*About this exercise*. Go through the entries and copy every line that has the string "Банка" in it.

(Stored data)

_ _ _

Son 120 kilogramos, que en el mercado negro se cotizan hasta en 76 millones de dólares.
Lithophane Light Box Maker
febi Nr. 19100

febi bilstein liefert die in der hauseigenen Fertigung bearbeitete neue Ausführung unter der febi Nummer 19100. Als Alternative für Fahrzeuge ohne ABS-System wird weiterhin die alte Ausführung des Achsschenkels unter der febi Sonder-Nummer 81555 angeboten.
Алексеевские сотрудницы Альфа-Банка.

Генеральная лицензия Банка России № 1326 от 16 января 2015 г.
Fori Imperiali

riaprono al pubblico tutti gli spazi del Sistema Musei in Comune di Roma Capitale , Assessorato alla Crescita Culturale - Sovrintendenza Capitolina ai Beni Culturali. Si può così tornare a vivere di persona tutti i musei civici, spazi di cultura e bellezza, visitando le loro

_ _ _

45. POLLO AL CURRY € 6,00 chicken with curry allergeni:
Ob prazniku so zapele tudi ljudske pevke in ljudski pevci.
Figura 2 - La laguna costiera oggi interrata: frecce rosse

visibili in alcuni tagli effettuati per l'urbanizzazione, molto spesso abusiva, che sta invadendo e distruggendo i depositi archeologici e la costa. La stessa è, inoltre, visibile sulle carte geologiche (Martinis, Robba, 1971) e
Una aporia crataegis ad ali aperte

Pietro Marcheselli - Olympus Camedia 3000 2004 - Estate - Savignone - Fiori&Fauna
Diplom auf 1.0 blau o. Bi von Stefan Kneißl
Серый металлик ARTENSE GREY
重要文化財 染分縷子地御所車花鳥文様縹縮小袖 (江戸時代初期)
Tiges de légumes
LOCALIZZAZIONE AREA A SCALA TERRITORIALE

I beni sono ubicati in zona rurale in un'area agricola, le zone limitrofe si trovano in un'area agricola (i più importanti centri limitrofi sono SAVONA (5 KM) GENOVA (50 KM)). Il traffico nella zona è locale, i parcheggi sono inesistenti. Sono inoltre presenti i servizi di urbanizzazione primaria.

_ _ _

*Finished exercise*.
Алексеевские сотрудницы Альфа-Банка.
Генеральная лицензия Банка России № 1326 от 16 января 2015 г.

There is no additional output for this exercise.